Sevgili okurlarım, yazımı bu soran sorgulayan adil, adil olduğu kadar da aydın olan imparator Marcus’un şu sözleriyle devam edelim:
Nedir insana yakışan şeyler? Kendi türünden olanlara nazik davranmak, duyulara güvenmemek doğru düşünceleri yanlış düşüncelerden ayırt etmek, evrensel doğa ve onun kurallarına göre olup biten şeyler üstüne düşünmek.
İlkeli yaşamak için gerekli üç ilke nedir?
İnsan doğasının birinci ilkesi toplumsal yarardır. İkincisi bedenin tutkularına direnmektir. Çünkü aklın başlıca özelliği kendine sınırlar koymak, duyuların ve içgüdülerin etkisine yenik düşmemektir. Bunların ikisi de hayvansal tarafınıza aittir. Akıl ve uşak olmayı değil efendi olmayı amaçlar. Bunlardan yararlanacak şekilde tasarlanmıştır.

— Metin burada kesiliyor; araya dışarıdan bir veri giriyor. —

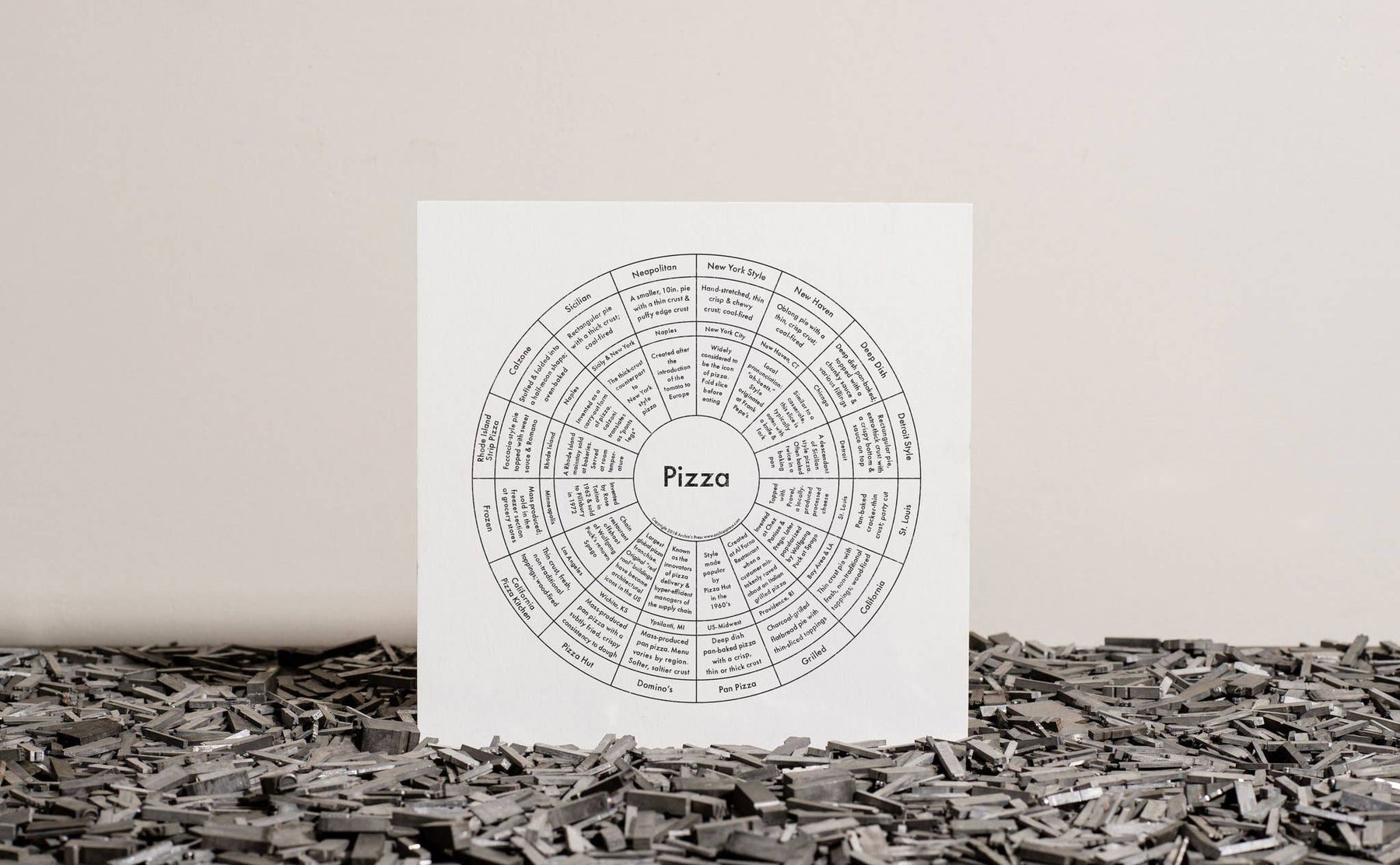 Pizza is the most beloved food in America. However, it often means different things to different people. When my family moved to Rhode Island (a mere 45 minutes from our home in Massachusetts), we encountered a totally bizarro form of pizza that is known only in Rhode Island. 8'' x 8'' Letterpress. Copyright 2022 Archie's Press.

Üçüncü ilke ise acele hüküm vermeyip yargıyı erteleyip kolay kandırılmaktan kaçınmaktır.
Hayattan tam olarak neler öğrendim? Ne olursa olsun bugün ne kadar kötü görünürse görünsün hayat devam ediyor ve yarın daha iyi bir gün olacak.
Bir insanın üç şey karşısındaki tutumunun onunla ilgili çok şey söylediğini öğrendim.
* Yağmurlu bir gün,
* Kayıp bagaj ve
* Birbirine dolanmış kablolar!
Anne babama ilişkin nasıl olursa olsun bir gün hayatımdan gittiklerinde onları çok özleyeceğimi öğrendim.
Hayatını kazanmakla hayatı yaşamanın aynı şey olmadığını öğrendim.
Hayatın bazen sana ikinci bir şans tanıdığını öğrendim.
Hayatı ellerinde kaleci eldivenleriyle bekleyerek yaşamamak gerektiğini senin de hayata bir şey verebilmenin önemli olduğunu öğrendim.
Bir şeyi tüm kalbimi açarak kabullendiğimde genellikle doğru seçimi yaptığımı öğrendim.
Acılarım olsa bile acı vermemeyi öğrendim.
Her gün birilerine elini uzatıp dokunmak gereğini öğrendim.
İnsanlar sıcak bir kucaklaşmayı sırtlarının dostça sıvazlanmasını seviyor ve onca sene yaşamış bunca yaşa gelmiş olsam da hala öğrenecek çok şey olduğunu öğrendim.
Öğrendim ki insanlar söylediklerinizi unutabiliyor, yaptıklarınızı unutabiliyor ama onlara hissettirdiklerinizi asla unutmuyorlar.